The one thing Thompson lacks is touch, which isn't a skill you develop in the same way you do strength. If he can find success in developing his touch -- both around the rim and shooting the ball from 10 feet -- he'll be a demon in college and an effective pro.
ALEXIS WANGMENE / MATT HILL - In a nonconference season full of pleasant surprises, the valuable play Texas is getting from these two is one of the most important. Matt Hill's 109.9 Offensive Rating is second on the team behind only Hamilton. He has a good grasp of what we're trying to do offensively, sets quality screens, and clears enough boards to mitigate some of our size concerns.
As for Wangmene, I really liked what I saw from him as a freshman, but he struggled badly last year coming back from injury. And he was dreadful in the early going this year, as well, but a light seems to have come on in the last three weeks and we're now seeing him provide the kind of value that was so enticing to begin with. Wangmene is a very raw basketball player, but he's a very promising athlete, he has good touch, a nice stroke, and at his best can be a guy who gives you 8 points and 8 boards in 25 minutes.
JAI LUCAS - There's no nice way to say this: Lucas has been dreadful. He's missed an incredible 19 of his 22 three point attempts and his 86.2 Offensive Rating hammers home how little we get from him when he's out there. And that's just talking about offense. He's too small to rebound or defend, as well. On the bright side, Rick seems to understand that he's not effective enough to warrant minutes and that any value he might add (if, hypothetically, he were a good three point shooter) he can get from three other guards who can stroke it. And that if a guard is going to be out there who can't shoot, he can get better offense, passing, defense, and rebounding from Dogus Balbay. Lucas played just 5 minutes against UNC, and 4 against Michigan State, two teams who closely approximate what we're going to see in the Big 12.

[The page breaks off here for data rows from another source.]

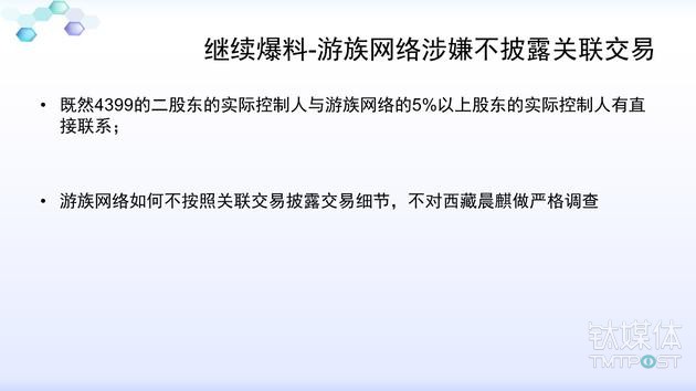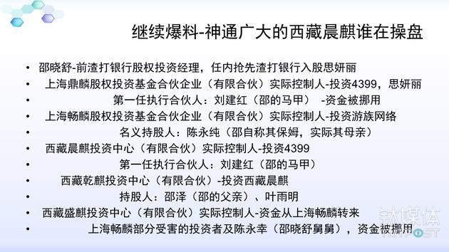 4、西藏晨麒系邵晓舒控制的企业,邵晓舒以叶雨明为马甲参与4399、游族网络的管理对其经营产生重大影响,这样的交易怎么不是关联交易,这样的关联交易怎么能不审查西藏晨麒如何取得的四三九九24%的股权,7.2亿的注册资金是否是真实的入资,30亿的估值从和而来,这难道不是赤裸裸的利益输送;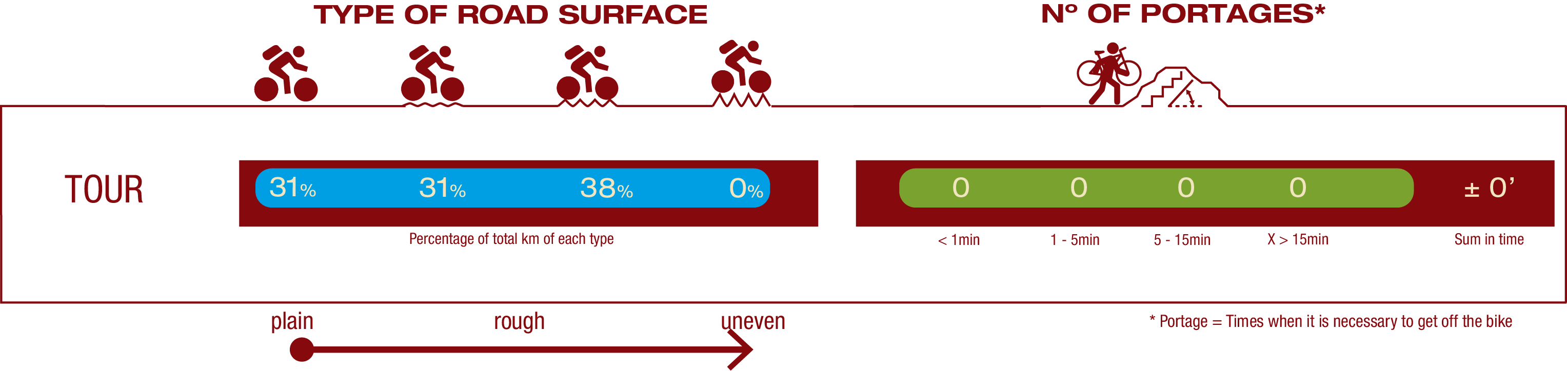 - It is recommended to exercise extreme caution on sections where the surface is composed of sandy or loose rocks, as these elements can obstruct bicycle wheels, cause them to become stuck, and increase the risk of falling.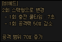 비헤드의 범위를 매우 크게 증가시키고, 스택화로 만듭니다.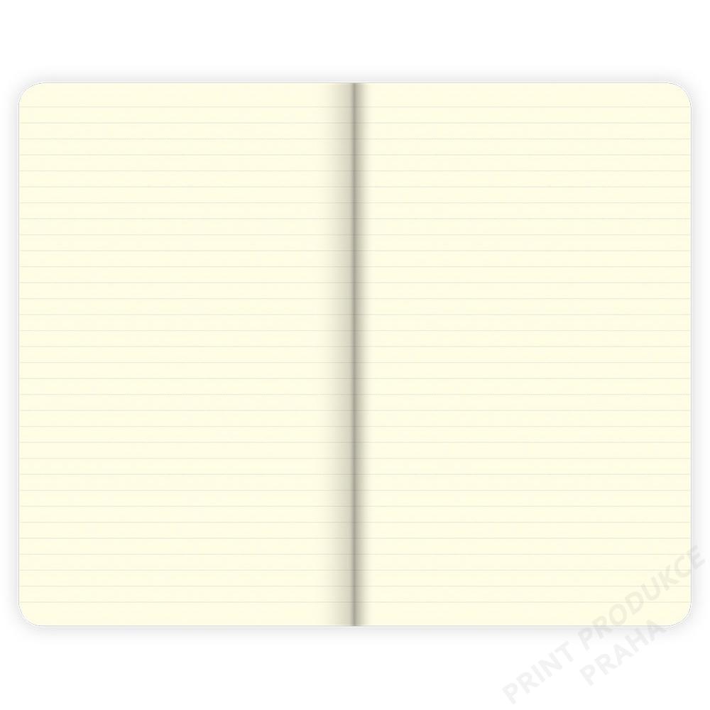 Notes B6 - linkovaný - rozměr diáře - 10,5 x 15,8 cm - počet stran - 172 - papír - 100 g/m2, žlutý - vazba - tuhá knižní s gumičkou + vnitřní kapsa na navštívenky.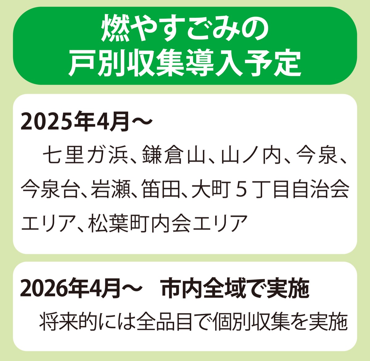 来年4月に先行して導入する地域は、七里ガ浜、鎌倉山、山ノ内、今泉、今泉台、岩瀬、笛田、大町5丁目自治会エリア、松葉町内会エリア。2026年4月からは、全市を対象に戸別収集を導入。最終的には、全品目での戸別収集の実施を目指している。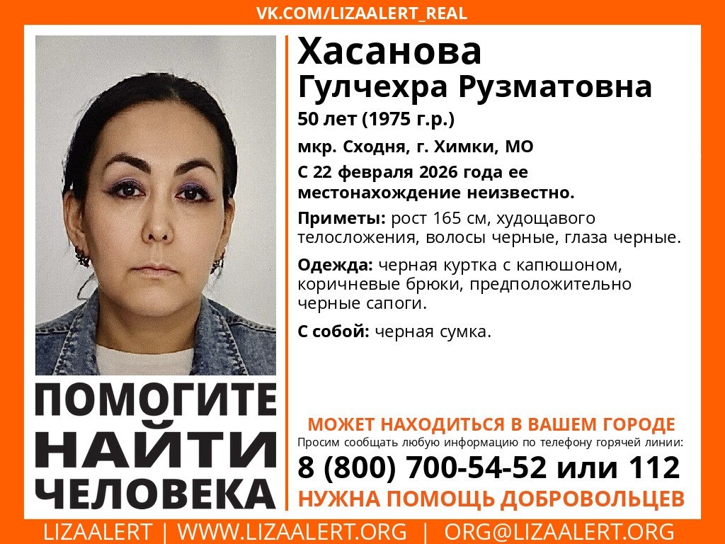 «Лиза Алерт» ищет пропавшую 50-летнюю жительницу соседней Сходни Гулчехру Хасанову. По данным волонтеров, пропавшая может находиться в Зеленограде.
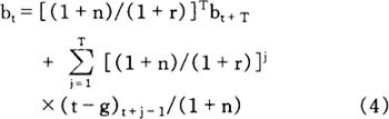 根据跨时预算约束式(5)可得,长期税率应当等于政府债务的利息支付(考虑经济增长因素n),加上实际人均政府支出的长期值gp,即tp=(r-n)bt+gp。结果,偏离长期水平的政府支出差额应当由(正的或负的)债务创造所吸收,即△bt=gt-gp。因此,在政府支出临时很高的情况下,比如在战争时期,就应当用债务融资,而在正常时期,这时gt<gp,应当偿还部分未偿债务。 税收平稳化模型描述了未偿债务的变化方向,但没有给出其最适水平。 实际上,只要李嘉图等价定理成立,债务比率增长率低于rn,既定的债务比率可由可行的原始盈余来维持,那么,债务的任何长期水平都能维持。实际债务政策的寓意是:财政政策(包括削减政府支出)不能以“太高水平”的债务比率来推动。 相反,按照税收平稳化模型,这种论点在因果关系上正好颠倒过来;只有相对于税收比率长期值的支出比率水平过高才能推动这种削减。 倘若政府愿意事先运用税收平稳化,就可能打算偏离其预期最适政策,亦即鉴于时间不一致问题,公布的政策不一定可信。换言之,当正常时期到来时,对政府来说,偿还其部分名义未偿债务不一定是最优的。特别是在此时,从福利观点来考察,拒绝清偿债务也许更有利。 拒绝清偿债务可以采取如下形式,如通货膨胀税、纯粹拖欠或征收一次总付税(如资本税)。 有关文献对时间一致性和拒绝清偿问题进行了大量讨论。例如,如果公布的税收平稳化政策不可信,那么,在不景气时期要求发行债务的最优政策不能实现。特别是如果债务可以部分拒绝清偿,如果债券持有者对这种拒绝清偿有理性预期,那么,有债券存量的均衡不一定可能。 此外,有拒绝清偿的均衡也许存在,但这些均衡比没有拒绝清偿情况下的福利低。所以,公布的税收平稳化政策是否将导致最大社会福利,在很大程度上取决于纳税人对政府将来措施的预期。 按照新古典学派的观点,债务融资具有财富效应。正如在上述分析中所看到的那样,由于债务意味著代际间再分配,这些财富效应将出现。 特别是如果政府债务被认为是净财富,而且r>n,那么,在保持债务比率不变的同时,债务融资取代税收融资意味著债务创造之时的这一代人获得净利益。 可是,在将来,税收必须要提高,以保持债务比率不变,因而将来一代人遭受损失。在封闭经济或充分就业的开放经济下,一般均衡效应也不利于将来一代人的效用水平。这些结果表明,在稳定状态下,一生效用将低于政府债务存量比较高时的效用。 在动态效率r>n情况下,债务比率变化意味著某些人将获益,而牺牲了其他人的利益。只有不导致代际间再分配的帕累托最优政策才是一种债务比率不变的政策。 上述论点与债务创造有关,但保持政府支出不变。可是,倘若债务创造使政府支出增加,而保持税率不变,在有市场失灵的情况下,帕累托改进可能会实现。例如,在个人投资者面临著流动性约束的情况下,为人力资本投资融资可能会改善福利。 综上所述,按照李嘉图学派的观点,在保持税率不变的情况下,债务创造将提高福利,不会产生代际间转让。 按照新古典学派的观点,债务创造伴随著减税(或增加转让支付)不会提高福利。按照凯恩斯学派的观点,在资源没有充分利用的情况下,政府债务的(临时)创造会推动经济达到一种较高的福利水平。 在这种情况下,比如增加对现在活著的一代人转让,可能是一种福利改善工具。 从经验观点来看,值得注意的是政府在其债务政策上实际采用了哪种观点。 在大多数西方国家,债务比率自第二次世界大战之后一直持续下降,这种趋势直到1973年为止。可以说,在这一时期,各国政府采用了税收平稳化战略。 可是,这一时期的特点是增长率较高(n>r),在这种情况下,即使基本预算一直有赤字,但较高的初始债务比率会自动地向下趋近于某一常数值。而且,与税收平稳化模型的规定相反,税率在此时期稳定提高。1973年之后以及在整个80年代,债务比率一直上升。 在此期间,由于石油价格的急剧上升,经济结构发生了某些变化。 在这种情况下,税率应当提高或政府支出削减,以便债务比率保持在其既定的长期值上。实际上,各国政府在80年代所做的是稳定平均税率,并向选民承诺政府支出比率会被削减到足以至少使债务比率不变的程度。 可是,政府支出比率却一直在上升(Roubini and Sachs,1989,p.903-938)。不过,这种承诺似乎表明,政府在此时期或多或少地倾向于追求保持既定的债务比率的新古典学派政策。 税收平稳化模型表明了政府债务的变化方向,但没有确定要达到的债务水平。政府的累积债务充其量是其历史值,而重要的问题是实际政府支出比率是否偏离其长期值,这给通过计算结构性政府支出gp确定最适财政政策加重了负担。 即使政府愿意利用税收平稳化,但在确定gp时也困难重重,因为这需要知道将来一代人对(比如)理想的政府部门相对规模的偏好。除此之外,也很难讲清政府支出增加是否就是结构性的。 从更加实证的观点来看,李嘉图学派的观点和新古典学派的观点有利于在短期政治上有吸引力的措施。例如,在税收平稳化模型中,为了避免必要的增税,试图把即使属于长期的政府支出增加公布为临时增加。在新古典模型中,如果债务比率的稳定是政策目标,重新定义债务比率,不把政治上可行的支出包括在内,即使这些支出不为将来一代人提供收益率。 这为制定非帕累托改

RICK BARNES - Finally, although I'll cover this in greater detail in a future TBR, this wouldn't be complete without mentioning what a fan-freaking-tastic job Rick Barnes has done, and is doing, with this team. He struggled badly last year with numerous issues, probably tried too hard to cram square pegs through round holes, and suffered his most disappointing year as a head coach.
And he bounced right back, and is doing his best job as a coach with this young squad. From our offensive approach to his management of the team and individuals, Rick is justifying all of us who insist he's one of the best in college basketball. Coming in to this season, I thought this roster would be good to get to 20 wins and sweat out Selection Sunday on the bubble. We're better than that, and though I don't think we're an elite team this year, it's not hard to imagine this team making it to the Sweet 16, and I'm as excited about our future as I ever have been.
Most of all, I'm impressed with Rick's ability and willingness to adapt and grow. That's the mark of a keeper coach, and we're lucky to have him.